Translation dictionaries and thesauri are available for most language pairs, but they typically do not cover domain-specific terminology such as biomedical terms. Building bilingual lexicons that contain such terminology by hand is time-consuming and requires trained experts. As a consequence, we observe interest in automatically learning the translation of terminology from a corpus of domain-specific bilingual texts [2]. What is more, in specialized domains such as biomedicine, parallel corpora are often not readily available: therefore, translations are mined from non-parallel comparable bilingual corpora [3, 4]. In a parallel corpus every sentence in the source language is linked to a translation of that sentence in the target language, while in a comparable corpus, the texts in source and target language contain similar content, but are not exact translations of each other: as an illustration, Fig. 1 shows a fragment of the biomedical comparable corpus we used in our experiments. In this article we propose a deep learning approach to bilingual lexicon induction (BLI) from a comparable biomedical corpus.

Fig. 1
figure 1

Comparable corpora. Excerpts of the English-Dutch comparable corpus in the biomedical domain that we used in the experiments with a few domain-specific translations indicated in red

Neural network based deep learning models [5] have become popular in natural language processing tasks. One motivation is to ease feature engineering by making it more automatic or by learning end-to-end. In natural language processing it is difficult to hand-craft good lexical and morpho-syntactic features, which often results in complex feature extraction pipelines. Deep learning models have also made their breakthrough in machine translation [6, 7], hence our interest in using deep learning models for the BLI task. Neural networks are typically trained using a large collection of texts to learn distributed representations that capture the contexts of a word. In these models, a word can be represented as a low-dimensional vector (often referred to as a word embedding) which embeds the contextual knowledge and encodes semantic and syntactic properties of words stemming from the contextual distributional knowledge [8].

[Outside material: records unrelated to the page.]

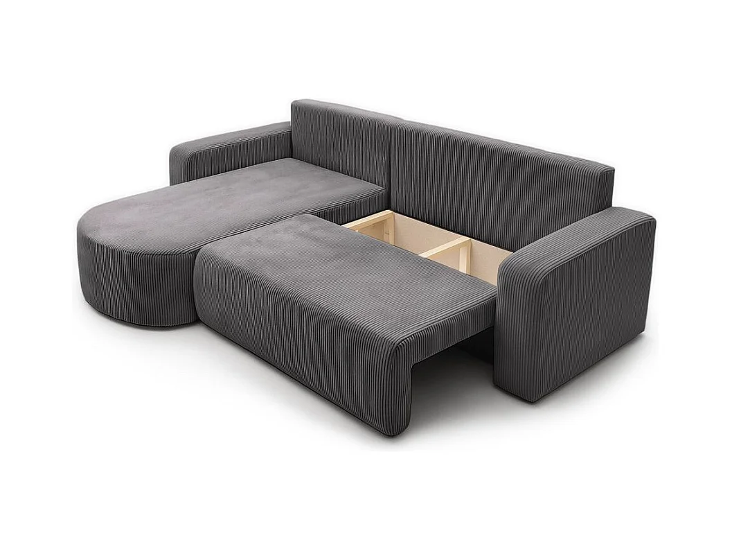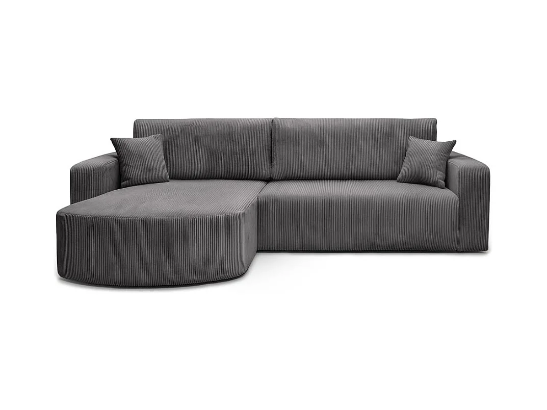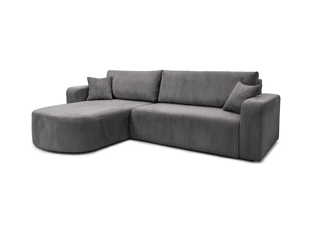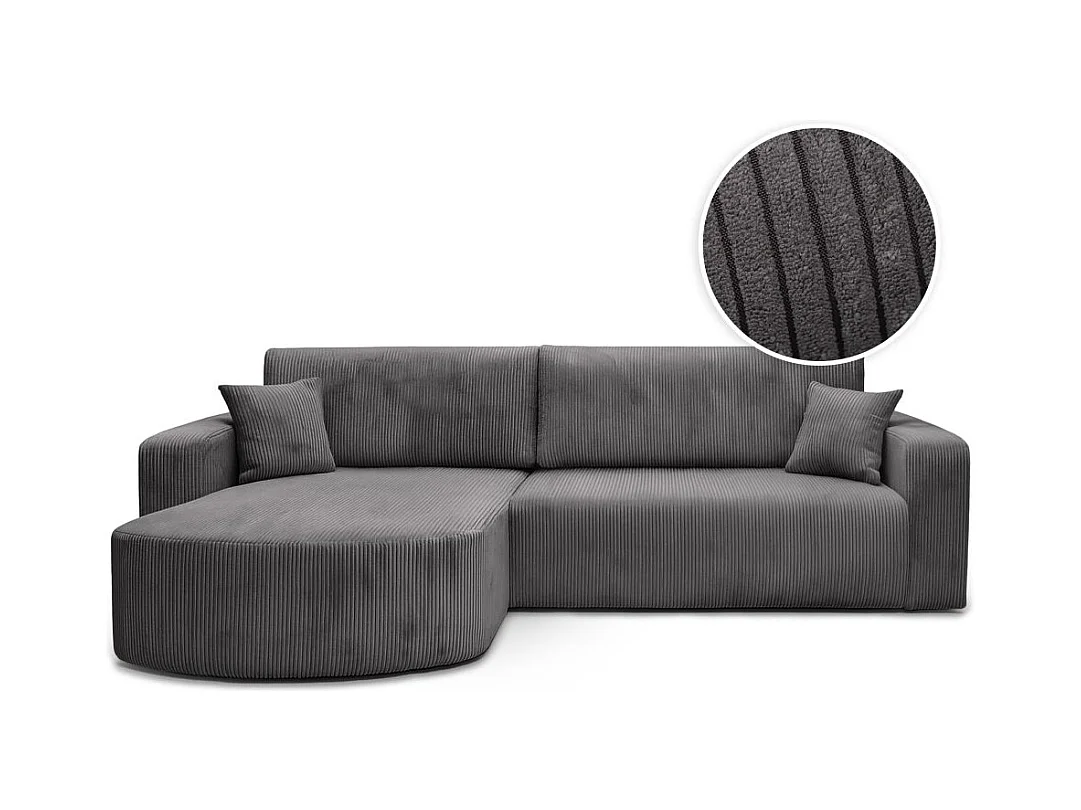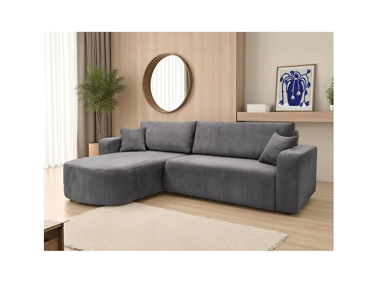 Canapé KIARA d'angle réversible convertible 4 places en velours côtelé - Gris anthracite
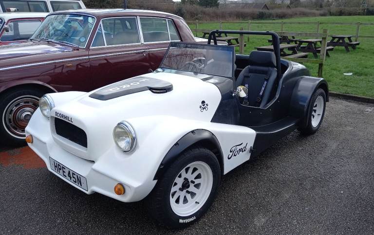Correctly registered Scorhill Magic Ford based classic kit car which has been totally restored with rebuilt Pinto engine 2 litre Rebored with Mahle pistons, mild Road camshaft and many other subtle modifications. The rebuilt gearbox is a type 9 5 speed and it has and Atlas axle.. Lots of receipts and documents. Only 1000 miles.
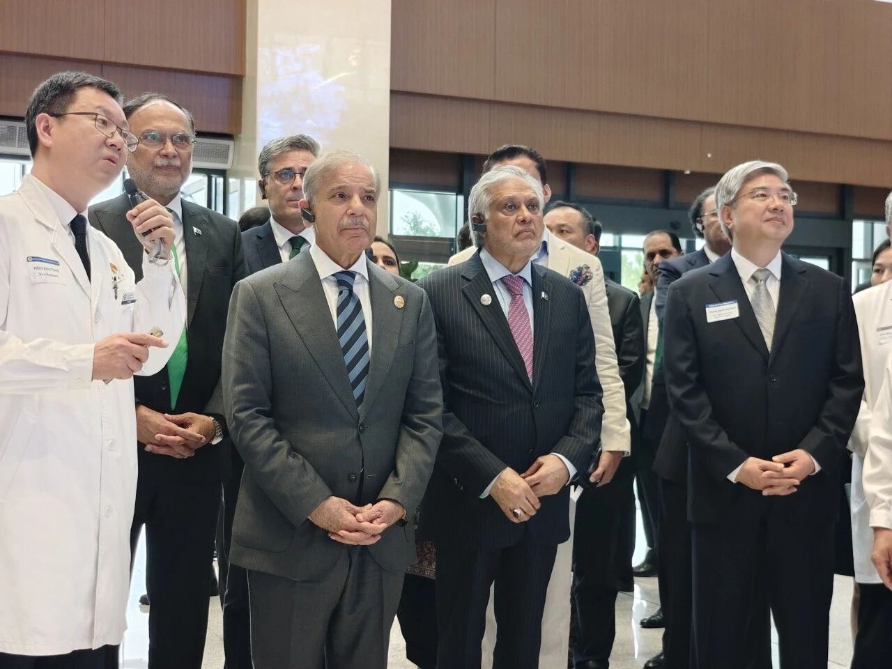 9月2日中午,巴基斯坦总理夏巴兹一行在北京安贞医院通州院区参观。图为夏巴兹(前排左二)在门诊楼听取介绍。 白波摄

Lately, we also witness an increased interest in learning character representations, which better capture morpho-syntactic properties and complexities of a language. What is more, the character-level information seems to be especially important for translation mining in specialized domains such as biomedicine as such terms often share common roots from Greek and Latin (see Fig. 1), or relate to similar abbreviations and acronyms.

Following these assumptions, in this article we propose a novel method for mining translations of biomedical terminology: the method integrates character-level and word-level representations to induce an improved bilingual biomedical lexicon.

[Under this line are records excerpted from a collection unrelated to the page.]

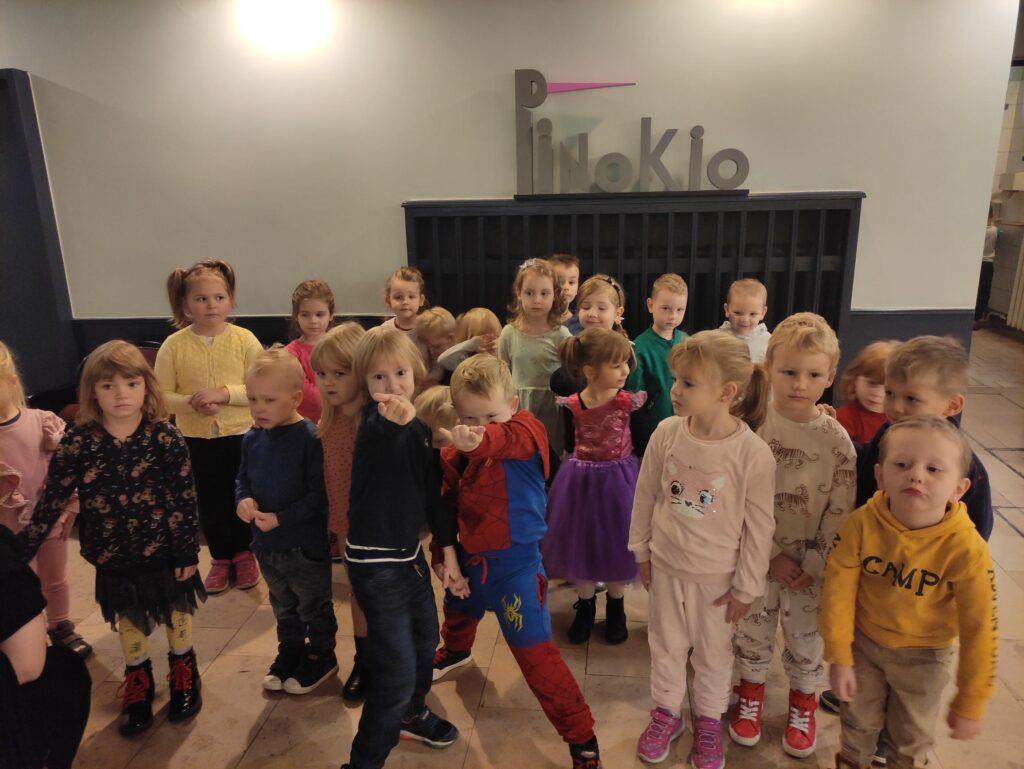 W piątek, 05 listopada dzieci z grupy Żuczków i Biedronek wybrały się do Teatru Pinokio na spektakl pt:,,Pokolorowanki”. Sztuka ta w prosty sposób przybliża dzieciom strefę zmysłowego poznawania świata za pomocą kolorów. Na początku jest biel. Podczas całego przedstawienia dzieci razem z aktorami zastanawiają się jak pokolorować biały świat oraz jak stworzyć kolory. Zabawa farbami, barwnikami, dźwiękami i różnymi ciekawymi przedmiotami stworzyła niesamowitą opowieść o odkrywaniu otaczającego nas świata. Wszystkie dzieci były zafascynowane muzyką i kolorami jakie pojawiały się na scenie oraz faktem, że na koniec wspólnymi siłami udało się ,,Pokolorować świat”.
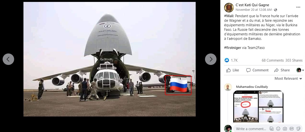 Un imposant avion gris est arrêté sur le tarmac d'un aéroport. Sur son fuselage s'étalent les mots "Polet Airlines" ainsi qu'un drapeau russe accompagné de la mention "Russia". A l'intérieur, on aperçoit un hélicoptère blanc en train d'être déchargé par une dizaine de personnes, certaines d'entre elles portant un treillis. Selon les internautes qui la partagent, cette image montre les "tonnes d'équipements militaires de dernière génération" tout juste livrées par la Russie "à l'aéroport de Bamako", capitale du Mali.
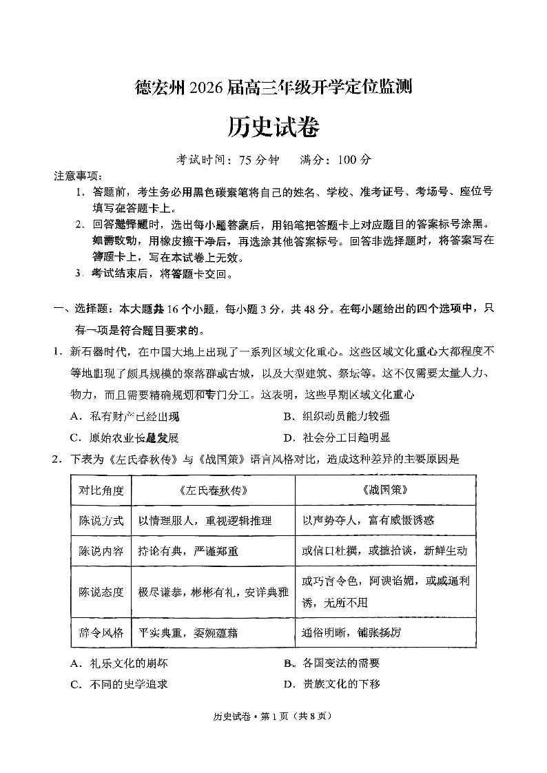 德宏州2026届高三年级开学定位监测 历史.pdf

Background and contributions

BLI in the biomedical domain Bilingual lexicon induction (BLI) is the task of inducing word translations from raw textual corpora across different languages. Many information retrieval and natural language processing tasks benefit from automatically induced bilingual lexicons, including multilingual terminology extraction [2], cross-lingual information retrieval [912], statistical machine translation [13, 14], or cross-lingual entity linking [15]. Most existing works in the biomedical domain have focused on terminology extraction from biomedical documents but not on terminology translation. For instance, [16] use a combination of off-the-shelf components for multilingual terminology extraction but do not focus on learning terminology translations. The OntoLearn system extracts terminology from a corpus of domain texts and then filters the terminology using natural language processing and statistical techniques, including the use of lexical resources such as WordNet to segregate domain-general and domain-specific terminology [17]. The use of word embeddings for the extraction of domain-specific synonyms was probed by Wang et al. [18].

Other works have focused on machine translation of biomedical documents. For instance, [19] compared the performance of neural-based machine translation with classical statistical machine translation when trained on European Medicines Agency leaflet texts, but did not focus on learning translations of medical terminology. Recently, [20] explored the use of existing word-based automated translators, such as Google Translate and Microsoft Translator, to translate English UMLS terms into French and to expand the French terminology, but do not construct a novel methodology based on character-level representations as we propose in this paper. Most closely related to our work is perhaps [21], where a label propagation algorithm was used to find terminology translations in an English-Chinese comparable corpus of electronic medical records. Different from the work presented in this paper, they relied on traditional co-occurrence counts to induce translations and did not incorporate information on the character level.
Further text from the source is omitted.